What makes this exercise particularly effective?

Lunges are a functional, single-leg exercise that targets leg and gluteal muscles, and promotes core stability at the same time. The EISENHORN power station supports movements ergonomically and allows for efficient training with controlled resistance.

What effect does the exercise achieve?

  • Targeted leg activation: The exercise intensely engages the quadriceps, hamstrings, glutes, and calves – additionally, the core muscles are activated.

  • Balance and stability: Lunges strengthen muscle coordination, improve balance, and optimize posture as a single-leg movement.

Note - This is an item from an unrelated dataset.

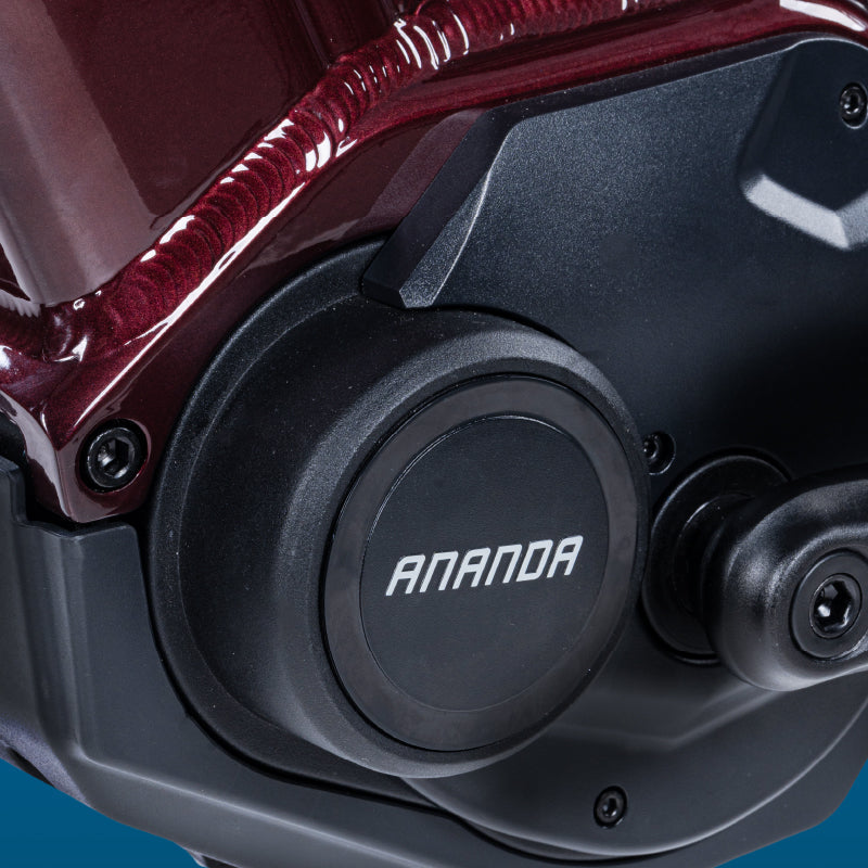 - Leistungsstark, auch bergauf zuverlässig: Der 250 W starke Mittelmotor von Ananda liefert mit 90 Nm Drehmoment kraftvolle Unterstützung auch an Steigungen.

  • Correction of imbalances: Since each side of the body is trained in isolation, lunges help to balance muscular imbalances.

  • Improved mobility & everyday fitness: Lunges promote flexibility in the hip area and are highly transferable to everyday situations such as climbing stairs or walking.

  • Simple progression and variations: The innovative EISENHORN piston system allows for resistance adjustment in seconds. Variations such as high steps or lateral lunges enable individual progression.

How does this exercise fit into the Big 5 concept?

The Big 5 include the fundamental exercises: squat, deadlift, bench press, pull-up or lat pulldown, and shoulder press.

Lunges complement this perfectly:

  • Functional addition: Lunges increase leg and core stability, which is also crucial for the Big 5 exercises.

  • Full-body coaching: You bring strength, stability, and flexibility to the training, and especially help with the transition between static and dynamic loads.

  • Ideal for home gyms: Thanks to the adjustable weight and ergonomic design of the EISENHORN fitness station, the entire muscle potential is optimally activated.